# How To Improve: An Analysis of Restaurant Orders With The Aim of Improving Customer Experience and Company Performance

The following is an analysis of the order history of two restaurants, with the aim of improving their service level and financial performance. To this end, the following themes will be explored:

- Demand Seasonality
- Product Mix

Following this recommendations will be made based on the observations.

## Data Import

In [0]:
# Creating an object used to load the data
sqlContext

Out[151]: <pyspark.sql.context.SQLContext at 0x7fb87c0d6610>

In [0]:
# Loading order data from both restaurants and assigning it to variables
res_one_orders = sqlContext.read.load('/FileStore/tables/restaurant_1_orders.csv', format='csv', header= True)
res_two_orders = sqlContext.read.load('/FileStore/tables/restaurant_2_orders.csv', format='csv', header= True)


## Data Cleaning

In [0]:
res_one_orders.printSchema()
res_two_orders.printSchema()

root
 |-- Order Number: string (nullable = true)
 |-- Order Date: string (nullable = true)
 |-- Item Name: string (nullable = true)
 |-- Quantity: string (nullable = true)
 |-- Product Price: string (nullable = true)
 |-- Total products: string (nullable = true)

root
 |-- Order ID: string (nullable = true)
 |-- Order Date: string (nullable = true)
 |-- Item Name: string (nullable = true)
 |-- Quantity: string (nullable = true)
 |-- Product Price: string (nullable = true)
 |-- Total products: string (nullable = true)

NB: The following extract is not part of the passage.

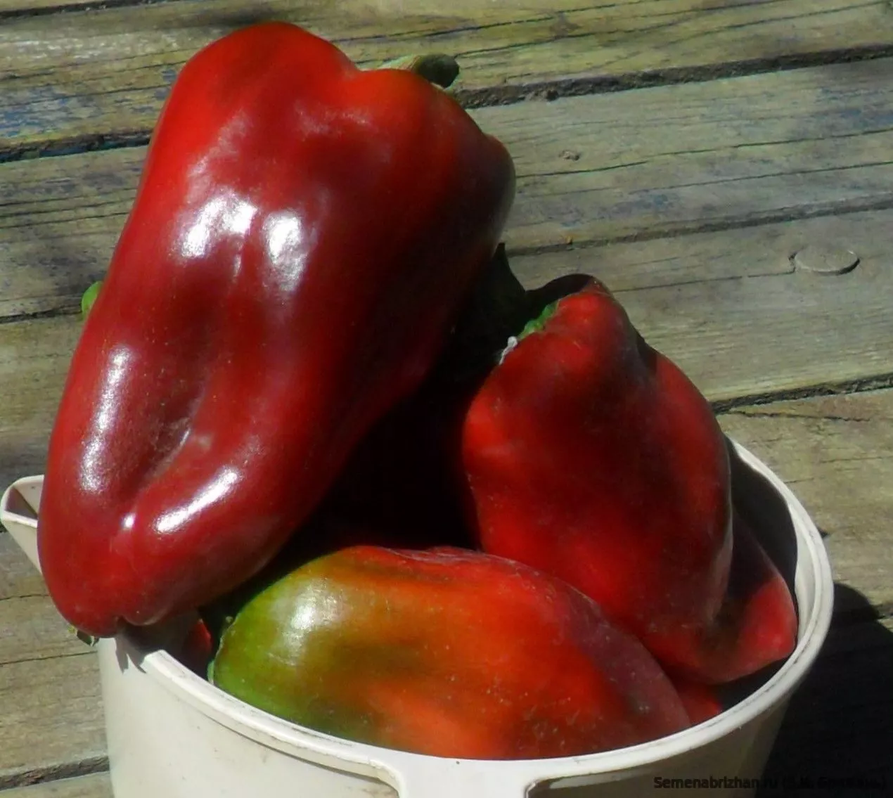 Главная гордость сорта — его плоды. Они имеют выраженную удлиненную трапециевидную форму, напоминающую призму с вытянутым носиком. Такая геометрия не только придает перцу узнаваемый вид, но и делает его очень удобным для нарезки кольцами или кубиками.

From the above we see that the two tables contain similar headers.

In [0]:
# Changed res_one_orders header to make them the same
res_one_orders = res_one_orders.withColumnRenamed("Order Number", "Order ID")
# Updating a header to ensure consistency
res_one_orders = res_one_orders.withColumnRenamed("Total products", "Total Products")
res_two_orders = res_two_orders.withColumnRenamed("Total products", "Total Products")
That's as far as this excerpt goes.